Abstract:Recent works in volume rendering, \textit{e.g.} NeRF and 3D Gaussian Splatting (3DGS), significantly advance the rendering quality and efficiency with the help of the learned implicit neural radiance field or 3D Gaussians. Rendering on top of an explicit representation, the vanilla 3DGS and its variants deliver real-time efficiency by optimizing the parametric model with single-view supervision per iteration during training which is adopted from NeRF. Consequently, certain views are overfitted, leading to unsatisfying appearance in novel-view synthesis and imprecise 3D geometries. To solve aforementioned problems, we propose a new 3DGS optimization method embodying four key novel contributions: 1) We transform the conventional single-view training paradigm into a multi-view training strategy. With our proposed multi-view regulation, 3D Gaussian attributes are further optimized without overfitting certain training views. As a general solution, we improve the overall accuracy in a variety of scenarios and different Gaussian variants. 2) Inspired by the benefit introduced by additional views, we further propose a cross-intrinsic guidance scheme, leading to a coarse-to-fine training procedure concerning different resolutions. 3) Built on top of our multi-view regulated training, we further propose a cross-ray densification strategy, densifying more Gaussian kernels in the ray-intersect regions from a selection of views. 4) By further investigating the densification strategy, we found that the effect of densification should be enhanced when certain views are distinct dramatically. As a solution, we propose a novel multi-view augmented densification strategy, where 3D Gaussians are encouraged to get densified to a sufficient number accordingly, resulting in improved reconstruction accuracy.

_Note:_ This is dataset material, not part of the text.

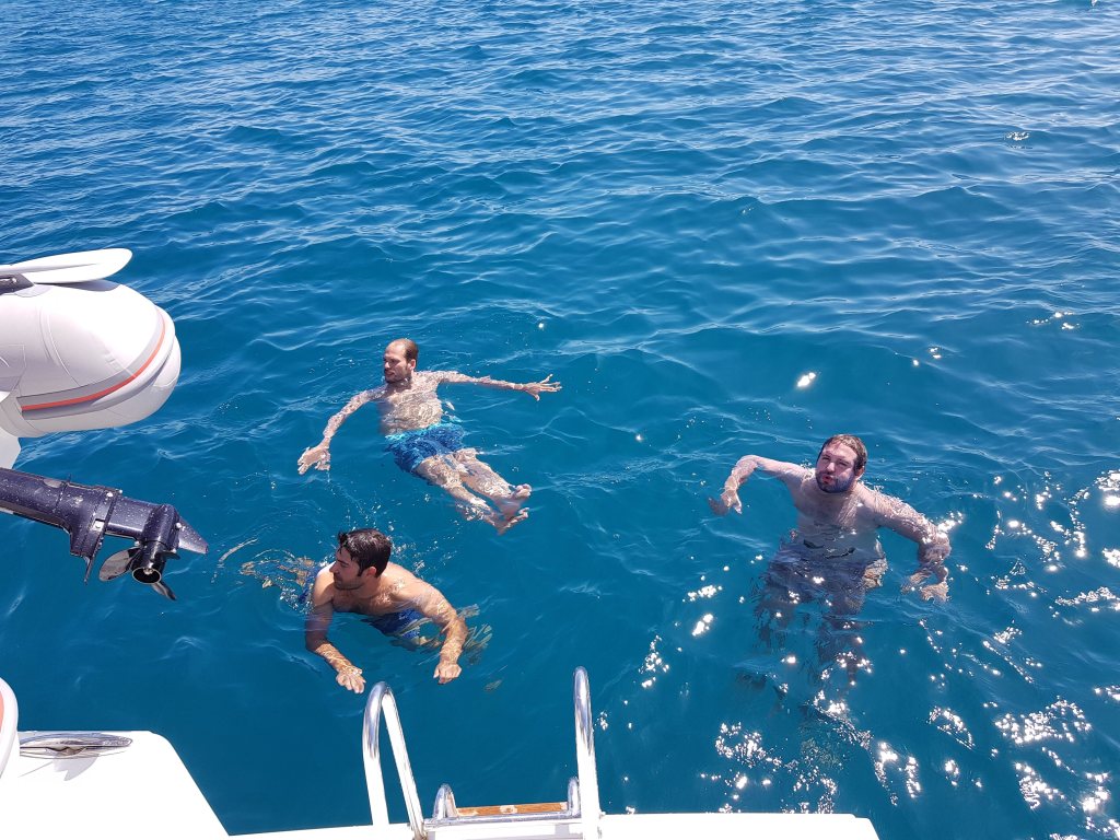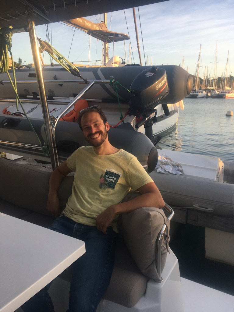 Alors oui, y a eu des kwacks et des petits moments de stress…ils feront partie des souvenirs aussi … – des cendres de barbecue partout dans le cata tout blanc, une ancre mal accrochée ou pas accrochée du tout, une amende, des bières renversées, un peu de mal de mer, un GPS qui ne nous localise plus… bref, l’Aventure avec un grand A ; merci à notre skipper !

What problem does this paper attempt to address?
The problem that this paper attempts to solve is: Existing methods based on 3D Gaussian Splatting have the problem of over - fitting certain training views in novel view synthesis (NVS), resulting in unsatisfactory appearance performance and inaccurate 3D geometric structures in new views. Specifically, the traditional single - view supervised training paradigm will cause 3D Gaussian kernels to over - fit certain specific views, thus affecting the overall rendering quality and geometric accuracy.
To solve the above problems, the author proposes a new optimization method - Multi - View - Guided Gaussian Splatting (MVGS), and makes the following four key contributions:
1. **Multi - view training strategy**: Transform the traditional single - view training paradigm into a multi - view training strategy. Through multi - view regulation, further optimize 3D Gaussian attributes, avoid over - fitting specific training views, and thus improve the overall accuracy of various scenes and different Gaussian variants.
2. **Cross - intrinsic guidance scheme**: Inspired by the benefits brought by multi - views, a cross - intrinsic guidance scheme from low - resolution to high - resolution is proposed to realize a coarse - to - fine training process, enabling 3D Gaussians to better adapt to pixel - level local features.
3. **Cross - ray densification strategy**: Based on multi - view regulation training, a cross - ray densification strategy is further proposed. More Gaussian kernels are added in the intersection area under the selected views to improve the reconstruction performance.
4. **Multi - view enhanced densification strategy**: When the differences between views are significant, a multi - view enhanced densification strategy is proposed to encourage 3D Gaussian kernels to be fully densified under these views, thereby improving the reconstruction accuracy.
Through extensive experiments, the author proves that this method can significantly improve the novel view synthesis performance of Gaussian - based explicit representation methods in multiple tasks, especially when dealing with complex scenes with strong reflection, transparency and fine details.
### Formula display
The formulas involved in the paper include loss functions and gradient calculations, etc. The following is the Markdown - format display of some key formulas:
- **Loss function of the original 3DGS**:
\[
L(G, E_i, K_i)=\frac{1}{HW}\sum_{p = 0}^{H\times W}(1-\lambda)\cdot L_1(I_i(p), C(r(p, E_i, K_i)))+\lambda\cdot L_{D - SSIM}(I_i(p), C(r(p, E_i, K_i)))
\]
- **Gradient calculation of multi - view - guided learning**:
\[
\frac{\partial L}{\partial \{G\}}=\frac{\partial L(G_1, E_1, K_1)}{\partial G_1}+\frac{\partial L(G_2, E_2, K_2)}{\partial G_2}+\cdots+\frac{\partial L(G_M, E_M, K_M)}{\partial G_M}
\]
- **Adaptive threshold calculation**:
\[
\hat{\beta}=\beta\left(\frac{r_i}{\tau}-1\right)H\left(\frac{r_i}{\tau}-1\right)+\beta\left(1 - H\left(\frac{r_i}{\tau}-1\right)\right)
\]
where \(H(\cdot)\) is the Heaviside function, which returns 1 when the input is greater than or equal to 0.
These formulas ensure the stability and effectiveness of the model in multi - view training, thereby improving the quality of novel view synthesis.